The increased demand for 3D visualization and simulation software in medicine, additive manufacturing, architectural design, and mechanical engineering, among many other areas, gives rise to new mathematical challenges in applied geometry and approximation theory. At the same time, a new paradigm emerges with the potential use of Machine Learning in Computer-Aided Design and Manufacturing (CAD/CAM) to improve the modelling experience, allowing users to anticipate and repair errors in real time. In this context, understanding the mathematical foundations behind the storage, manipulation and analysis of complex shapes is essential for the development of more accurate and efficient computational methods.This project concerns the study of Algebraic Spline Geometry, a branch of mathematics focused on methods stemming from algebra, geometry and combinatorics, to approach problems arising in approximation theory, computational modelling, and data analysis. The word spline refers to one of the most used tools for shape approximation, they are mathematical representations built upon simpler pieces (usually defined by low-degree polynomials) which are glued together forming a smooth curve, or the surface of a volume. What makes splines an appealing object for shape representation is that besides the simplicity of their construction, they are a fundamental component in the approximation of partial differential equations by the finite element method, playing a central role in novel fields such as Isogeometric Analysis and Computer Vision. Moreover, homological algebra techniques unveil fascinating connections between splines and algebraic geometry, putting spline theory at the interface between commutative algebra, geometric modelling, and numerical analysis. The objective of this project is to develop novel representation techniques for complex shapes by exploiting the ubiquity of splines in algebraic geometry and approximation theory. Splines have been traditionally studied within the realm of numerical analysis and computational mathematics. Instead, the originality of this project resides in proposing an integrated approach to mathematical questions lying at the heart of splines by using methods stemming from algebra, geometry, topology and combinatorics.

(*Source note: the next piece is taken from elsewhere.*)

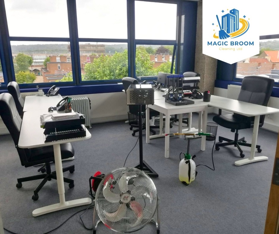 Ozone Treatment for Commercial Cleaning in Bristol. Keeping your workplace safe and spotless is essential. For offices and commercial spaces across Bristol, ozone treatment offers a deep, residue-free disinfection step that reaches the places wipes miss and neutralises odours without harsh chemicals. Because ozone must be used in unoccupied areas and handled correctly, it’s precisely the kind of service that should be delivered by a certified, experienced provider like Magic Broom.
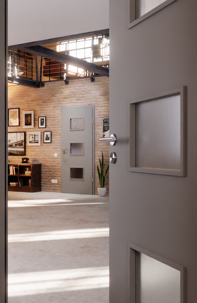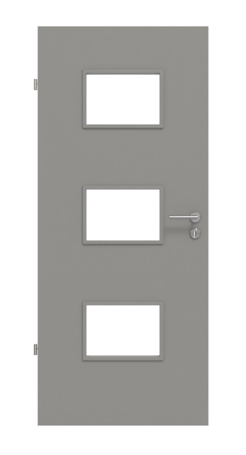 Trzy prostokątne przeszklenia są umieszczone jedno nad drugim w środku drzwi wewnętrznych. Dzięki temu wpuszczają światło, umożliwiają widok na drugą stronę i chronią przed stłuczeniem szkła w dolnej części drzwi.

医学、增材制造、建筑设计和机械工程等许多领域对3D可视化和仿真软件的需求不断增加，这给应用几何和近似理论带来了新的数学挑战。与此同时，随着机器学习在计算机辅助设计和制造（CAD/CAM）中的潜在应用，一种新的范例出现，以改善建模体验，允许用户预测和修复真实的错误。在这种情况下，理解复杂形状的存储、操作和分析背后的数学基础对于开发更准确和更有效的计算方法至关重要。本项目涉及代数样条几何的研究，这是数学的一个分支，专注于代数、几何和组合学的方法，以解决近似理论、计算建模和数据分析中出现的问题。样条这个词指的是最常用的形状近似工具之一，它们是建立在更简单的片段（通常由低次多项式定义）上的数学表示，这些片段被粘在一起形成光滑曲线或体积的表面。样条曲线之所以成为形状表示的一个吸引人的对象，是因为除了它们的构造简单之外，它们还是有限元法近似偏微分方程的基本组成部分，在等几何分析和计算机视觉等新领域中发挥着核心作用。此外，同调代数技术揭开迷人的连接样条和代数几何，把样条理论之间的接口交换代数，几何建模和数值分析。这个项目的目标是开发新的表示技术，复杂的形状，利用无处不在的样条代数几何和逼近理论。传统上，样条函数是在数值分析和计算数学领域中研究的。相反，该项目的独创性在于通过使用代数、几何、拓扑和组合学的方法，提出了一种综合方法来解决样条函数核心的数学问题。